Yeah, thinking about it, that's what I thought, as well. But how would one go about correcting that?
Well, OK, but that's not what the question asks. We want a trio, and while we allow for quartets and quintets and whatnot if there is a trio in the class, without the former having the latter doesn't satisfy the conditions.

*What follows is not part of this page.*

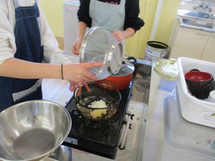 家庭科では、2度目の調理実習を行いました。今回は、ご飯を炊き、出汁からお味噌汁を作りました。子どもたちは、グループで役割を分担しながら、手際よく進めることができ、おいしいご飯とお味噌汁を作ることができました。
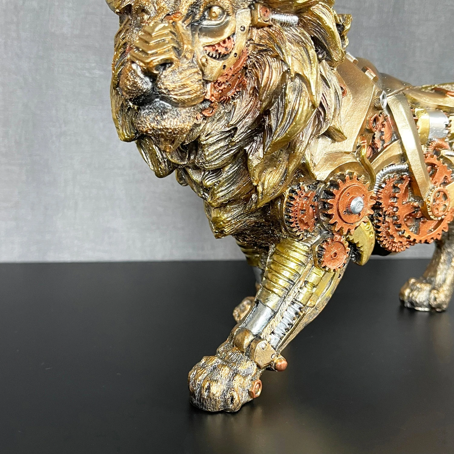 Highly detailed industrial ornament showcasing a proud walking lion in a classic steampunk design. Golden lion featuring gold and bronze coloured mechanics. Gift idea for a steampunk loving friend.

Thanks, guys, and please you and anyone else comment further if you can help me!

5. Jan 15, 2013

### haruspex

Yes it is - at least one exact trio and maybe quartets etc. too. The OP says so here: "So it could be that we have a trio and ... or that we have multiple trios."
You can use the principle of inclusion and exclusion to eliminate double-counting of trios, but the formula might get messy.

6. Jan 15, 2013

### Ryker

Oh, sorry, I thought you meant the standard birthday problem statement of "at least three people having the same birthday", which is different from my particular case. So yeah, it's the probability of at least one trio, but not of at least three people having the same birthday. As for the principle of inclusion and exclusion, I'm not familiar with that and don't know how to even start on it. Any further comments on this perhaps?

7. Jan 15, 2013

### haruspex

8. Jan 15, 2013

### haruspex

To use inclusion-exclusion, you need to get an expression for the probability that a given set of r dates each occurs as a trio (regardless of what other dates do). If that is Pr, then inclusion-exclusion quickly gives you a series sum involving these to get the answer you're looking for. I believe I have found an expression for Pr, but I doubt the series can be summed analytically.
For 6 individuals and only 3 possible dates I get 155/243.

9. Jan 15, 2013

### Ray Vickson

Your quantity above is merely the first term in a (finite) series; when the other terms are included, the number needed to have a probability of ≥ 50% rises to 89. In fact, for n = 88 the probability of one or more trio is 0.48935 while for n = 89 it is 0.500044. Here is how I get these.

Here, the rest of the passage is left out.